History of Carpet Making

Rugs and carpets have been prized possessions through the ages. Rugs were listed as valued chattels in the literature of Persia in the 6th century. They were probably coarse fabrics flat-woven on a loom in much the same way that other plain textiles were made. Hand-knotted rugs were created later, possibly by nomad tribes of Turkestan or the Caucasus. The weaving of hand-knotted rugs spread throughout the Orient, and Persia became the predominant center of manufacture.

Oriental rugs were carried to Europe by the Saracen conquerors of Spain and by the returning Crusaders. The Spanish were the first Europeans to make hand-tied pile rugs . In the tapestry-weaving center of Aubusson, France, flat-woven rugs were made.

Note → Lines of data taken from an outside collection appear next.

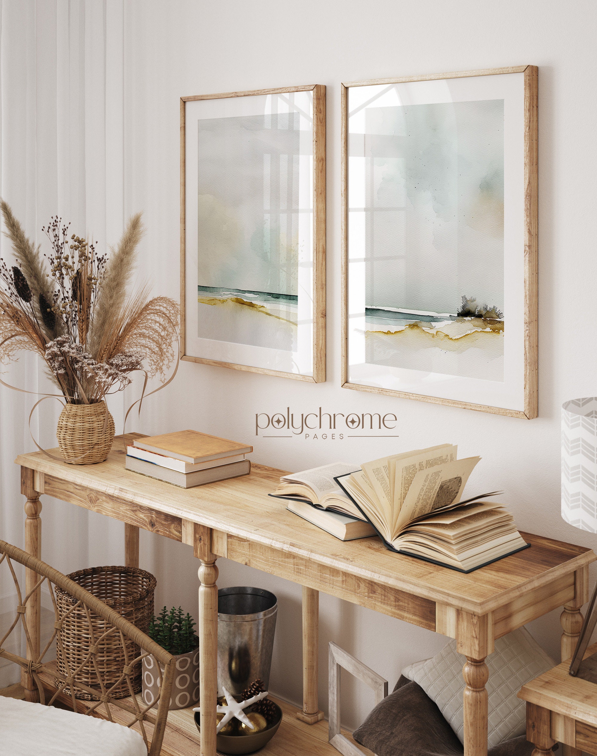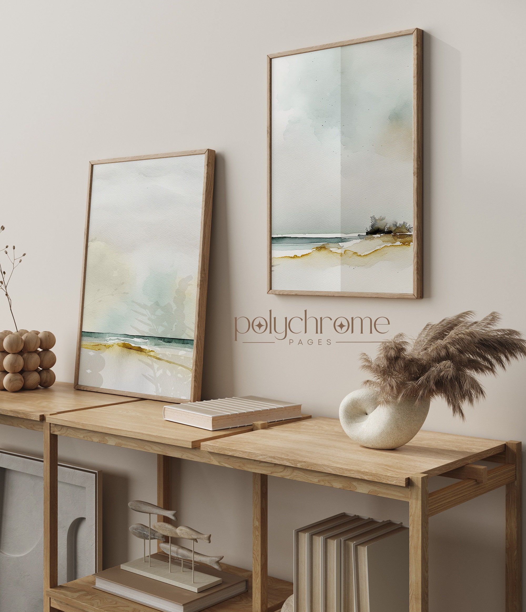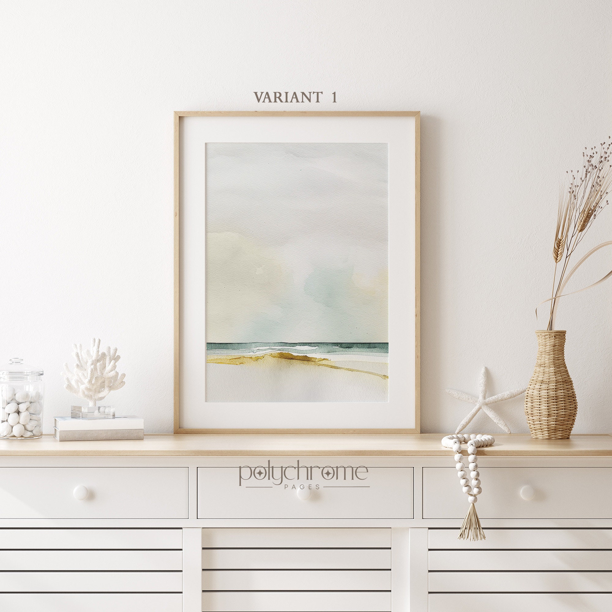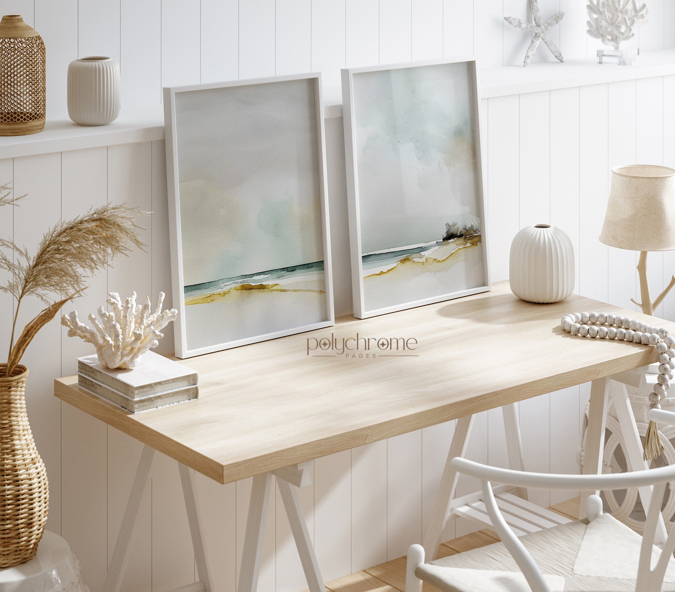 These abstract beach landscapes capture the serene beauty of the coastline with soft, muted tones of sandy beige, ocean blue, and seafoam. The dreamy, painterly style brings to mind calm summer mornings by the water. Perfect for a master bedroom, coastal bathroom, or Hamptons-inspired living space. A lovely choice for anyone who appreciates understated, tranquil beach house decor.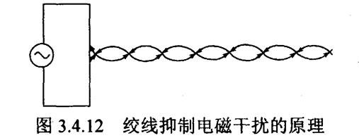 图 3 .4 .12 中,每个小绞纽环中会通过交变的磁通,而这些变化磁通会在周围的导体中产生电动势,它由电磁通感应定律决定(如图中导线中的箭头所示)。从图中可以看出,相邻绞纽环中在同一导体上产生的电动势方向相反,相互抵消,这对电磁干扰起到较好的抑制作用。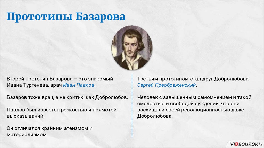 Прототипы БазароваВторой прототип Базарова – это знакомый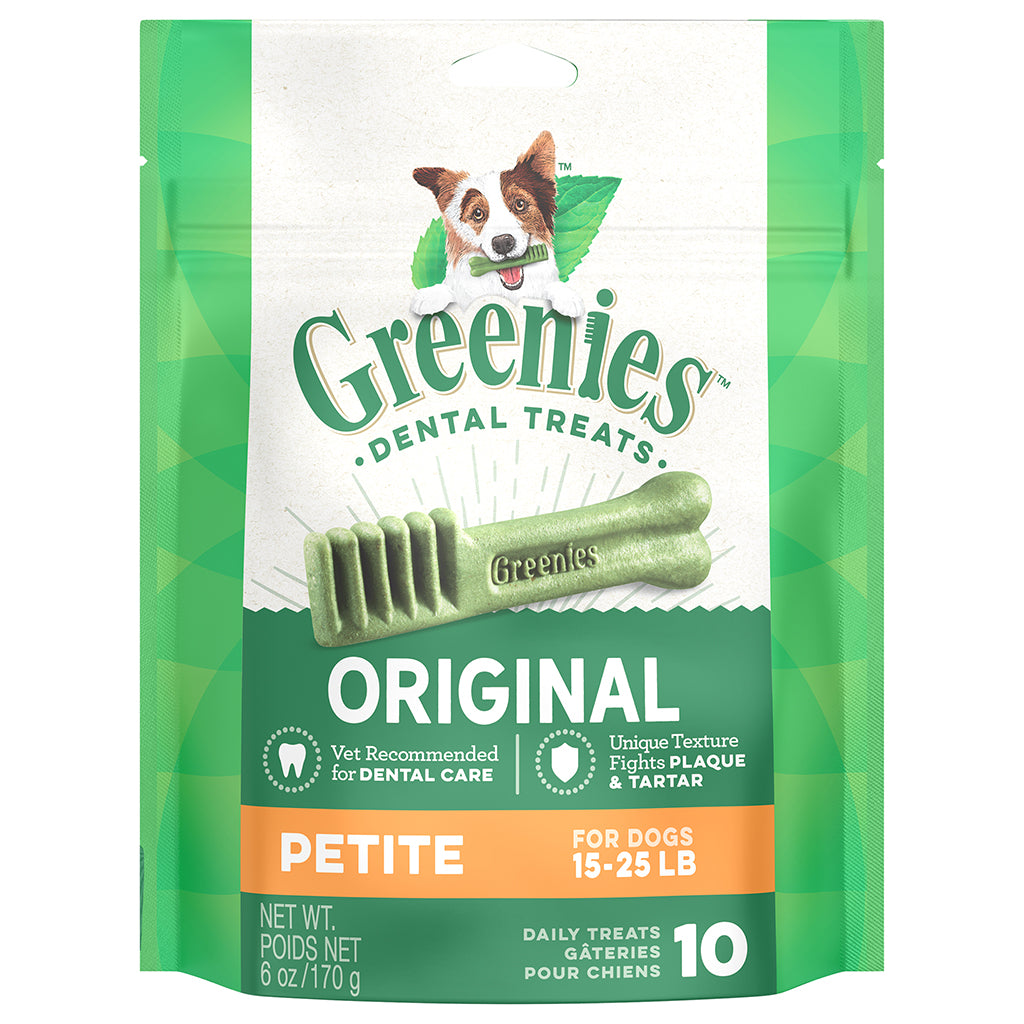 One GREENIES™ Original Dental Treat a day is all it takes for clean teeth, fresh breath and a happy dog. Your dog can't wait to sink their teeth into these delicious, original-flavor dental dog chews because they feature a delightfully chewy texture that fights plaque and tartar. Irresistibly tasty and incredibly powerful, GREENIES™ Treats for Dogs are recommended by veterinarians for at-home oral care. Best of all, these natural dog treats are made with highly soluble ingredients that are easy to digest. Give your dog the mouth-wowing treat that helps promote oral health with GREENIES™ Dog Treats.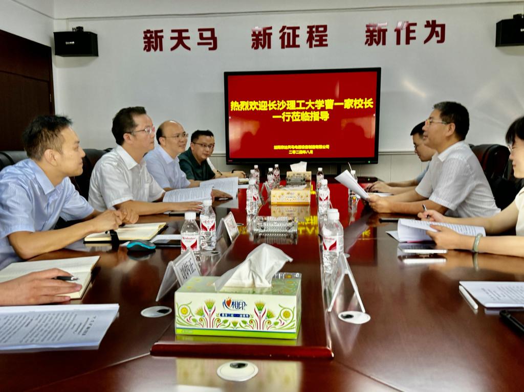 为深化校企双方在科技创新、人才培养、成果转化和学生实践等方面的合作,8月30日,校长曹一家带队赴益阳欣达天马电器设备制造有限公司进行走访调研。电气学院副院长陈春、副院长王媛媛、青年教师王炜宇陪同调研。
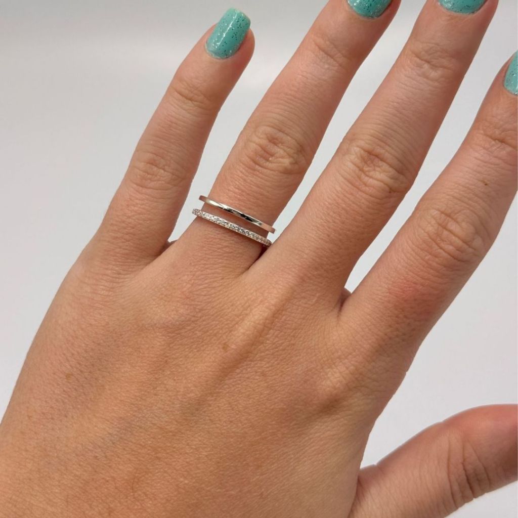 Anel de Prata 925 Duplo Vazado e com Zircônias

Aubussons were known for their floral patterns in pastels. Deep-pile rugs , first made in Paris in the 17th century, were called savonneries, after the abandoned soap works that housed the carpet factory.

Weaving

Carpet-weaving industries developed in Brussels, Belgium, and, in the 1700s, in Wilton, Axminster, and Kidderminster, England. The French inventor Joseph-Marie Jacquard devised the mechanism for figured weaving in 1800. It was first used in Wilton.

The first carpet factory in the United States was founded in 1791 in Philadelphia, Pa., by W.P. Sprague, and the second, in Worcester, Mass., in 1804. Erastus Brigham Bigelow revolutionized the industry when, in 1841 in Lowell, Mass., he introduced the first power loom. Bigelow used steam to power an ingrain (flat-weave) loom. Later he perfected a power loom to make a Brussels, or looped-pile, carpet. The Axminster power loom was developed in 1876 by Halcyon Skinner, based on an idea by Alexander Smith.

The high-speed tufting method of carpet manufacture originated in the United States in the 1920s. It was improved for making broadloom carpet after World War II. The knitting method of carpet manufacture was developed commercially in 1951.

The carpet industry grew steadily in the decades following World War II. The United States became the leading producer. Belgium ranked second, followed by Great Britain and West Germany. The Middle East remained the chief producer and exporter of handmade Oriental rugs. Factors in the industry's expansion included the vogue of wall-to-wall and room-to-room carpeting, the improvements in machinery for producing tufted carpets, and the development of synthetic fibers.